When heating is employed in the preparation of the film, the curing temperature therein may be selected from a wide range, from a room temperature to about 200° C., depending on the types etc. of the thermal polymerization initiator to be used. When light irradiation is employed in the preparation of the film, the film may be obtained by irradiation with ultraviolet radiation having a wavelength of 10 to 400 nm, or a visible radiation having a wavelength of 400 to 700 nm. The usable wavelength is not critical, but a near-ultraviolet radiation having a wavelength of 200 to 400 nm is particularly preferable. Examples of lamps used as ultraviolet radiation sources include low-pressure mercury lamps (output: 0.4 to 4 W/cm), high-pressure mercury lamps (40 to 160 W/cm), extra-high pressure mercury lamps (173 to 435 W/cm), metal halide lamps (80 to 160 W/cm), pulse xenon lamps (80 to 120 W/cm), electrodeless discharge lamps (80 to 120 W/cm), and the like. Each of the ultraviolet lamps has spectral distribution features, and can therefore be selected depending on the types of the photoinitiator to be used.

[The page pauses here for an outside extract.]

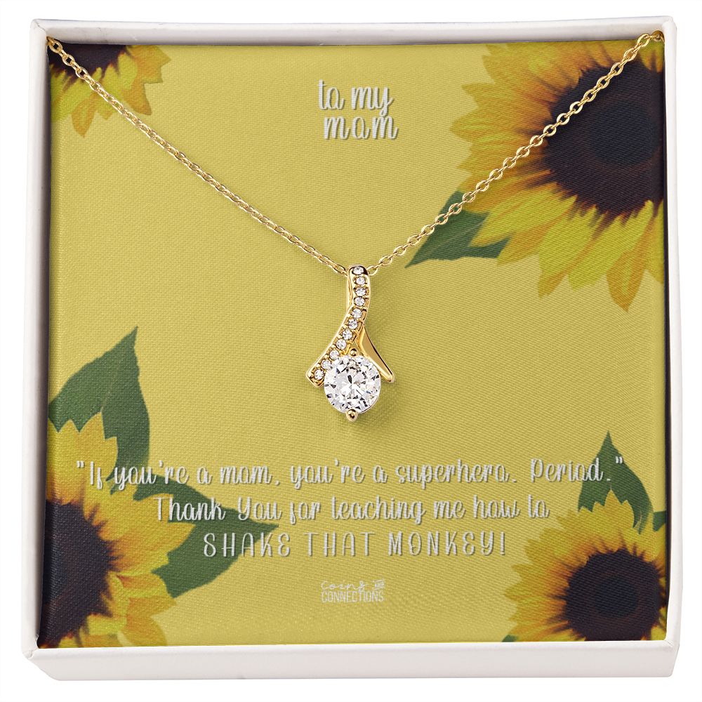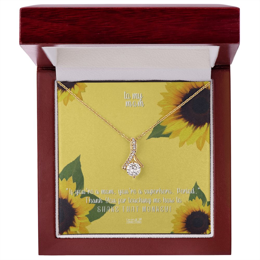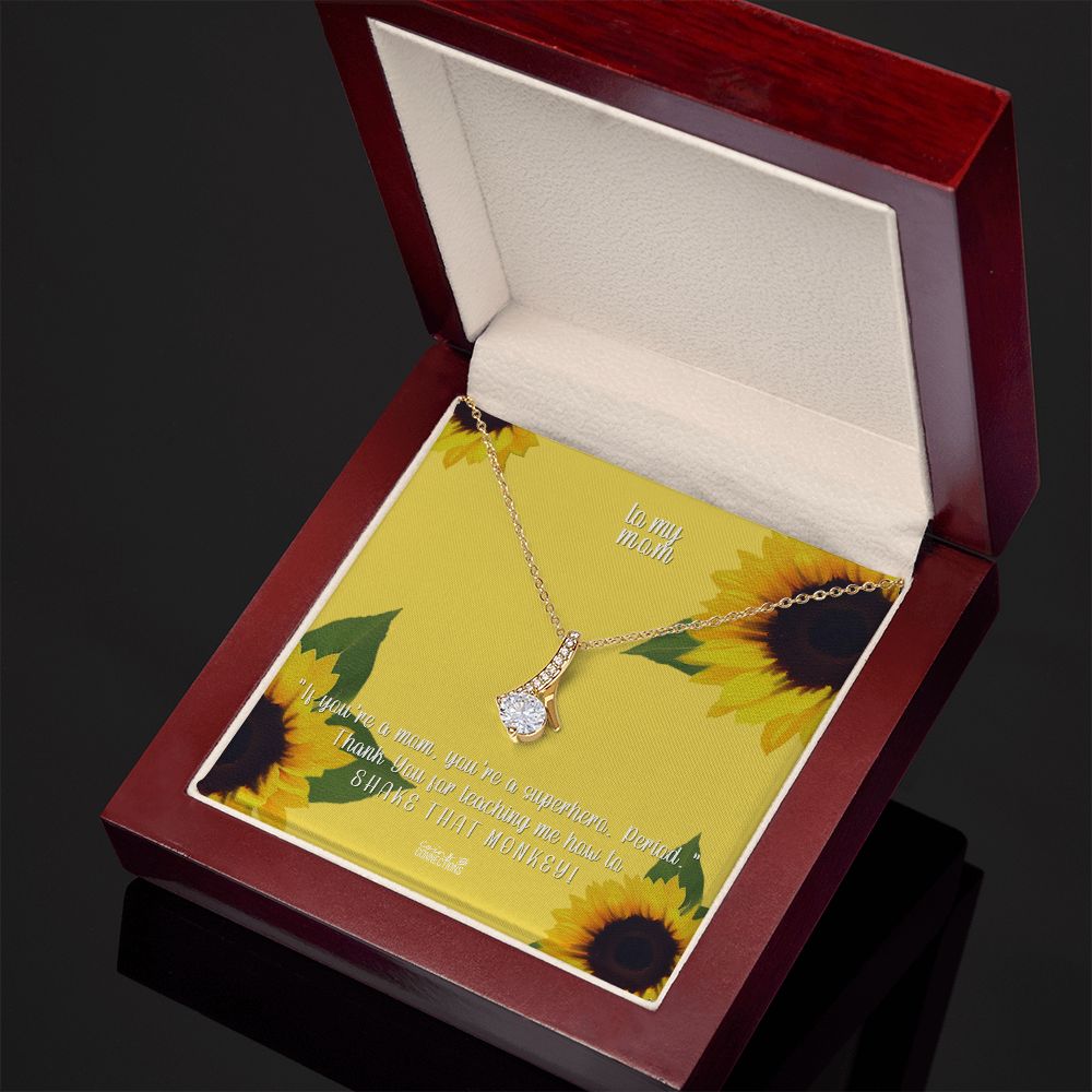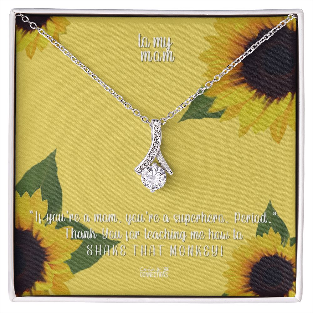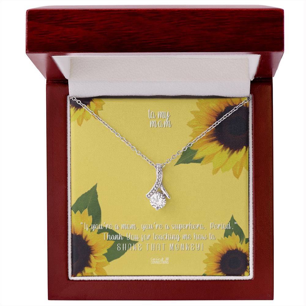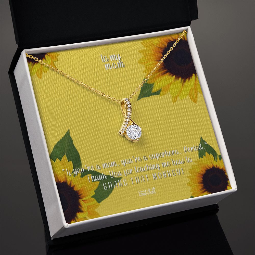 Imagine her reaction when she opens this stunning gift! The Alluring Beauty necklace features a petite ribbon shaped pendant that is sure to dazzle your special someone. Whether it's a birthday or anniversary, make sure to get her a gift she will love for years to come.

The siloxane-crosslinking acrylic silicone resin film may be continuously and effectively produced by, for example, casting, using a comma coater, a starting material of the above silicone resin composition onto a continuously running PET film to a uniform thickness; laminating a continuously running transparent PET film thereon; crosslinking and curing the starting material resin by performing UV irradiation through the transparent PET film to form a siloxane-crosslinking acrylic silicone resin film; and subsequently separating, while reeling up the obtained target film, the two top and bottom PET films to be reeled up.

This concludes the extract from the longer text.